Starting at the first line of the listing below, repeat each line exactly until the line containing "more長富牛奶2025年9月21日省質檢院冷鏈檢測報告", which you include. Leave out pictures.

<<<<

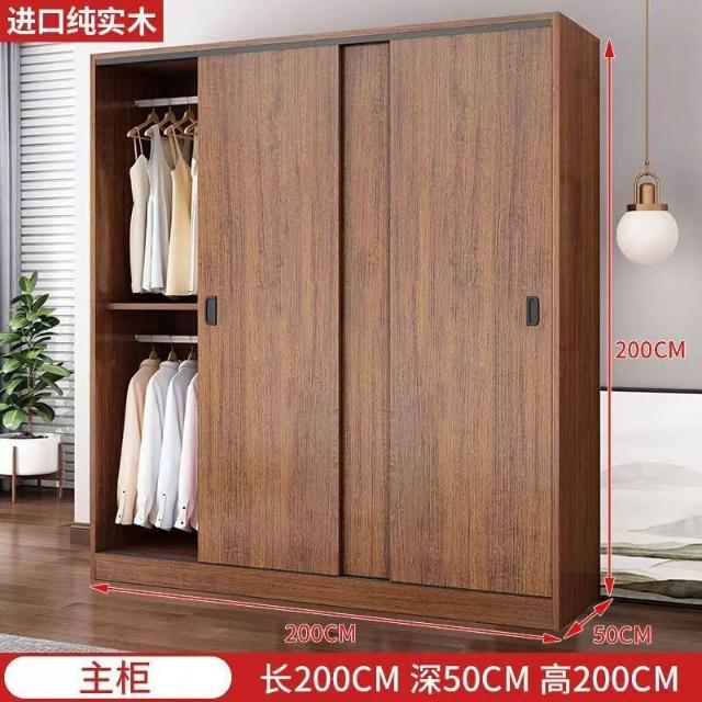 輕簡 全實木推拉門衣櫃現代簡約出租房用小戶型簡易家用臥室宿舍儲物櫃 0fe
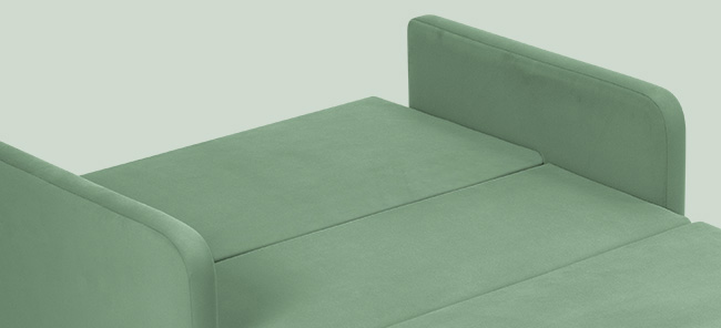 Диван легко раскладывается в полноценное спальное место, позволяющее располагаться головой к стене.
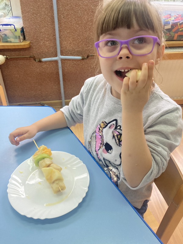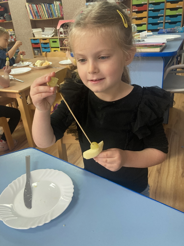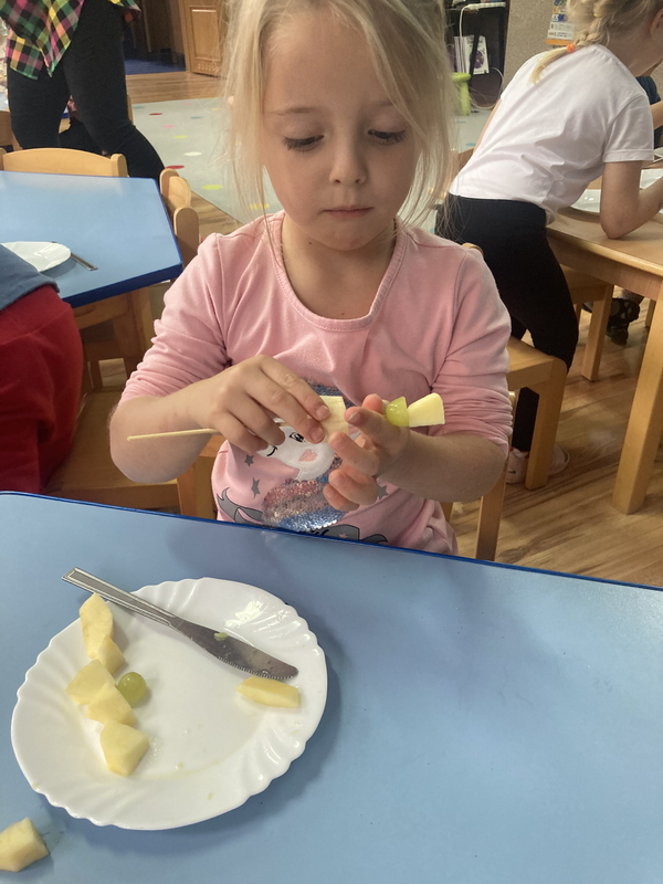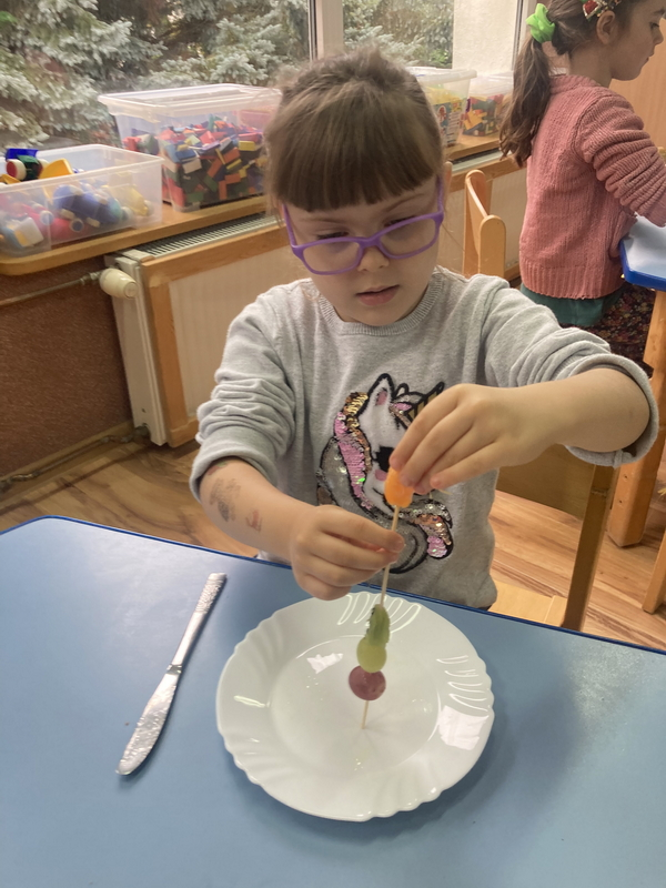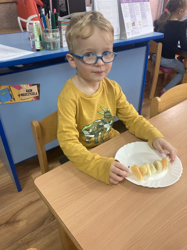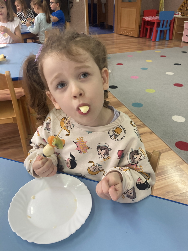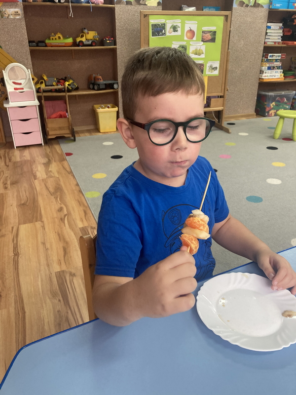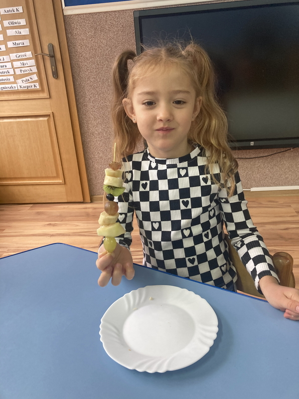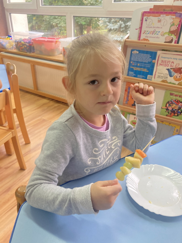 Z okazji międzynarodowego dnia owoców i warzyw dzieci przygotowały pyszne i zdrowe szaszłyki owocowe
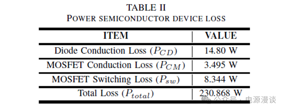 表2顯示了Vienna PFC的樣機(jī)在滿負(fù)荷20kW運(yùn)行條件下?lián)p耗計(jì)算結(jié)果。
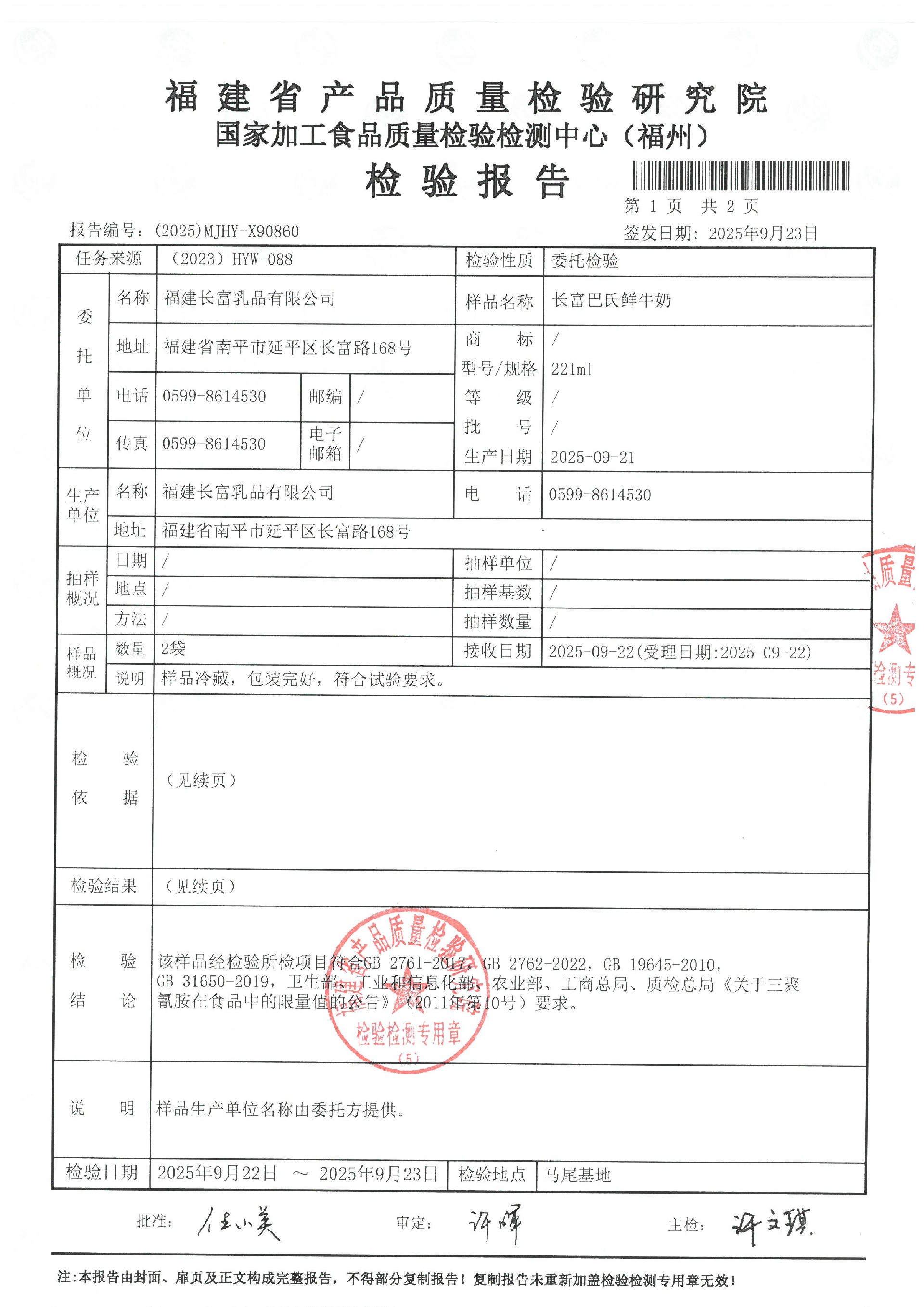 more長富牛奶2025年9月21日省質檢院冷鏈檢測報告
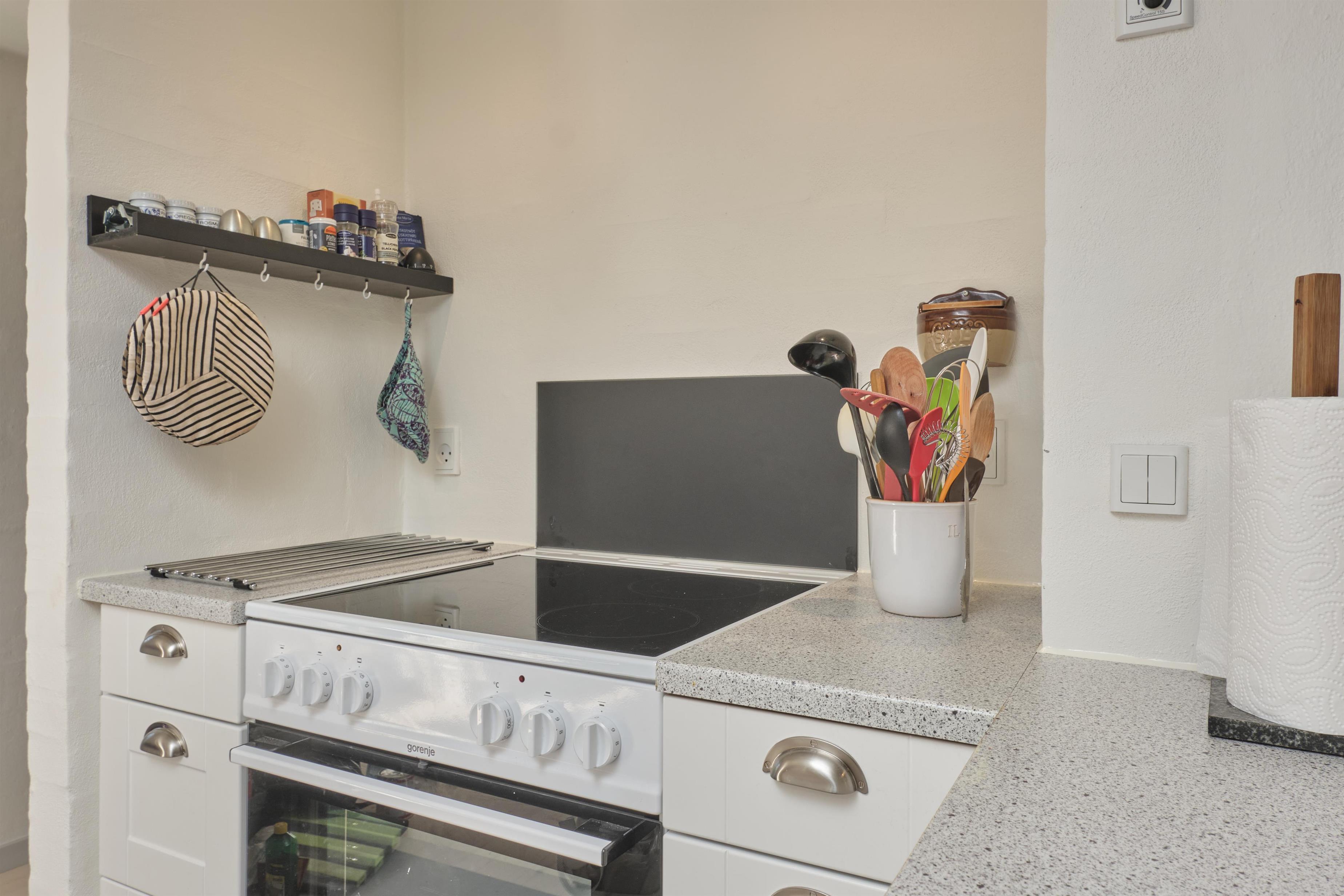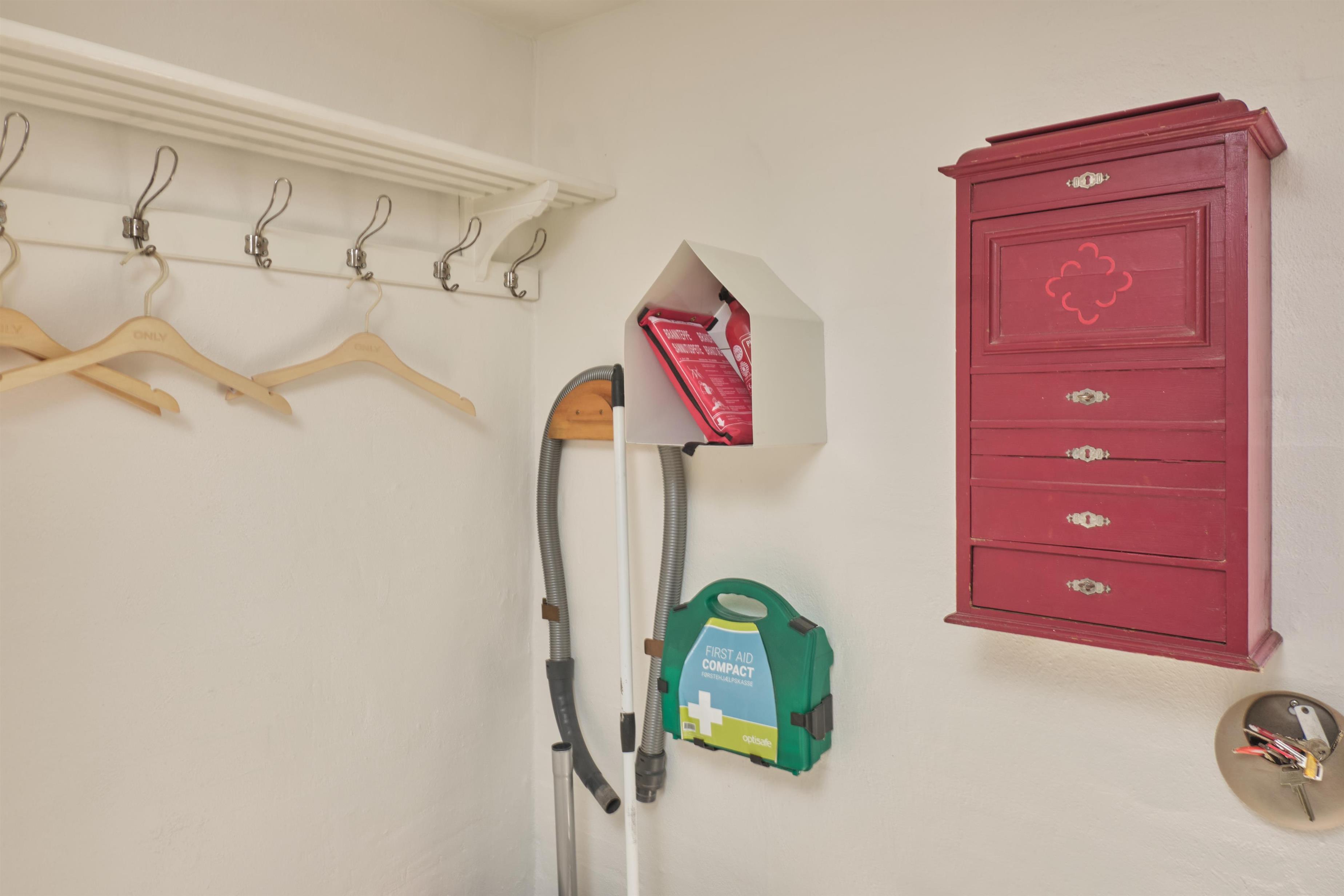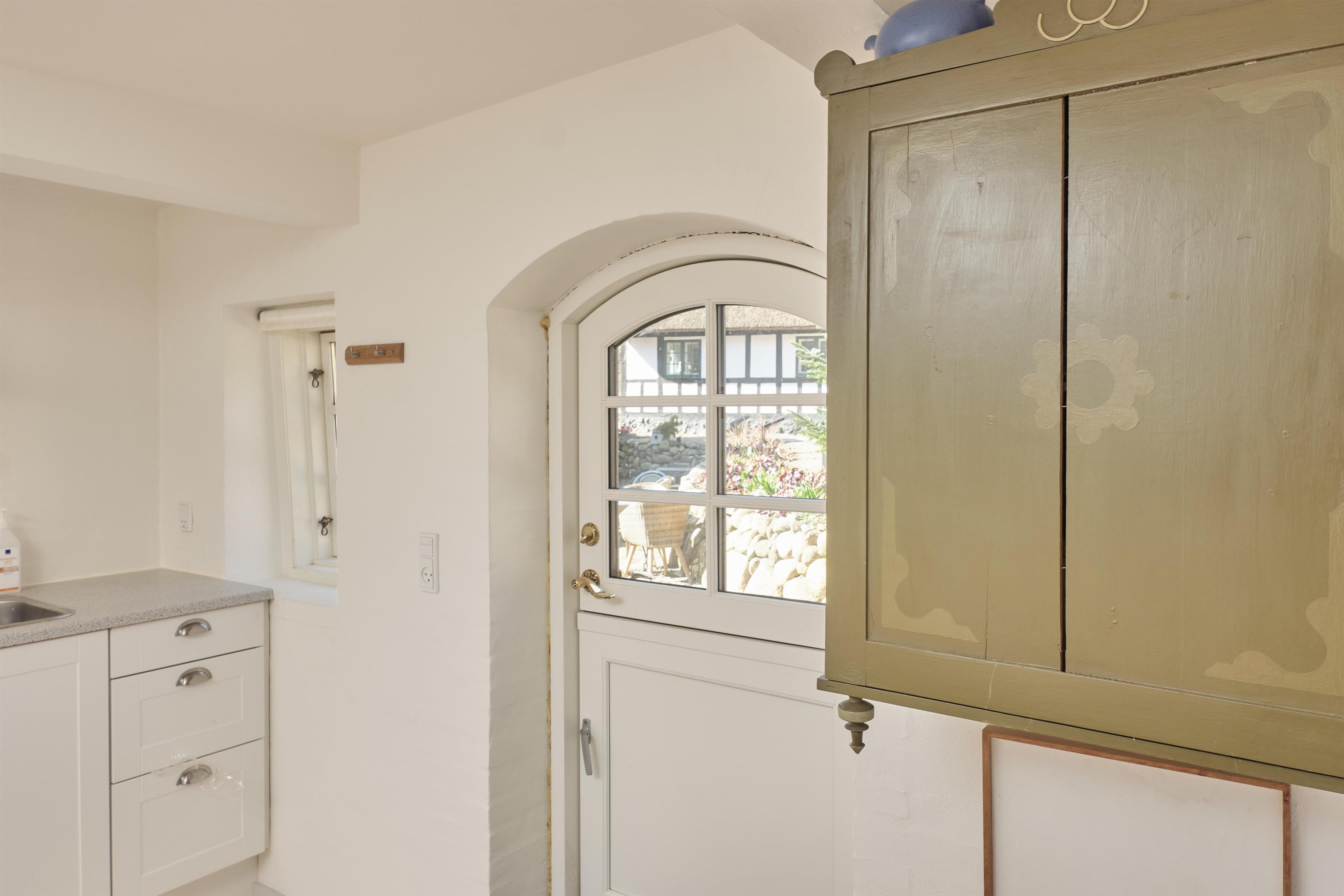 Hovedindgangen åbner til entré med indgang til den store, lyse stue med to dejlige sofaafdelinger, brændeovn og TV med danske (inkl. TV2) og tyske kanaler. Den hyggelige spiseafdeling har plads til 6 personer og ligger i åben forbindelse med godt, rummeligt køkken med keramisk komfur med ovn, køle-/fryseskab, opvaskemaskine og mikrobølgeovn. Huset har 1 stort, godt soveværelse med dobbeltseng, 1 værelse med køjeseng samt dobbelt sovesofa i stuen, i alt 6 sovepladser. Velindrettet og regulært flisebadeværelse med bruseniche og vaskemaskine. Til de mindste er der barneseng og højstol. Der er internetadgang. Hyggelig, afskærmet fliseterrasse med gode havemøbler, liggestole, parasol og grill.

>>>>

▶ [The answer]:
 輕簡 全實木推拉門衣櫃現代簡約出租房用小戶型簡易家用臥室宿舍儲物櫃 0fe
 Диван легко раскладывается в полноценное спальное место, позволяющее располагаться головой к стене.
 Z okazji międzynarodowego dnia owoców i warzyw dzieci przygotowały pyszne i zdrowe szaszłyki owocowe
 表2顯示了Vienna PFC的樣機(jī)在滿負(fù)荷20kW運(yùn)行條件下?lián)p耗計(jì)算結(jié)果。
 more長富牛奶2025年9月21日省質檢院冷鏈檢測報告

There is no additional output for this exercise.